Yu Baofa (; born in 1958) is a Chinese oncologist and researcher in intratumoral cancer therapy and drug development. He is the Founder, CEO and Chairman of Baofa Cancer Hospital Network China in Jinan, Beijing and Dongping. He also developed Ultra Minimum Incision Personalized Intra-Tumoral Chemo-Immuno (UMIPIC) Therapy.

Early life and education 
Yu was born in 1958 in Jinan, Shandong, China.
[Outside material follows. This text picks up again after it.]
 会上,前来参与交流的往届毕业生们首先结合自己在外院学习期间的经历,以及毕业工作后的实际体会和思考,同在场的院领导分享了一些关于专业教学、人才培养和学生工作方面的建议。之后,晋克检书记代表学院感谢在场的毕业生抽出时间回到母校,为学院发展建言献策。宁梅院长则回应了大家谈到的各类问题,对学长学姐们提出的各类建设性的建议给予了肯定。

During his childhood, the local doctors he saw in his village inspired him to become a physician in the future. He was educated in Binzhou Medical College. Four years later, he graduated and landed a job in the Shandong Tumor Research Institute and transferred to the China Academy of Medical Sciences for further studies in cancer.

In 1984, his mother was diagnosed with esophageal cancer and later died. Soon after, his best friend's father died of cancer as well. These experiences motivated him to deepen his research of cancer.
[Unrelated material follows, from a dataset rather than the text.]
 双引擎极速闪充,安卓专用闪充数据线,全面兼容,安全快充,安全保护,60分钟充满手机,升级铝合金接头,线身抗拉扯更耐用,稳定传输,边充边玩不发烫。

In 1985, Yu enrolled in Peking Union Medical College (tumour department) in Beijing to further his studies and received a master's degree of Medicine. After graduation, he worked at the China-Japan Friendship Hospital in Beijing for a year, before attending the School of Medicine of University of California, San Diego for doctoral studies.

Career 
 In February 1990, Yu performed research on anti-cancer medicines and intratumoral therapy. It was at the time he researched on drug slow-release system therapy (SRST).
 
 In 1992, Yu joined Salk Institute in La Jolla, California as Senior Associate Researcher for tumour and cancer genes. A year later, he was appointed as Associate Professor at the University of California, San Diego.
 
 In 1998, he returned to China and founded TaiMei Baofa Cancer Hospital in Dongping, China.
 
 In 2003, Yu was elected as the deputy of the 10th National People's Congress.
 
 At present, he is the CEO of Immuno Oncology Systems (IOS) & Baofa Therapy Inc.

Hospitals 
Taimei Baofa Cancer Hospital was the first hospital established among three of Dr. Yu's hospital. Since 1997, it has raised 38 million yuan (US$4.6 million). Yu also invited experts from Beijing and Jinan to offer training to his medical staff occasionally.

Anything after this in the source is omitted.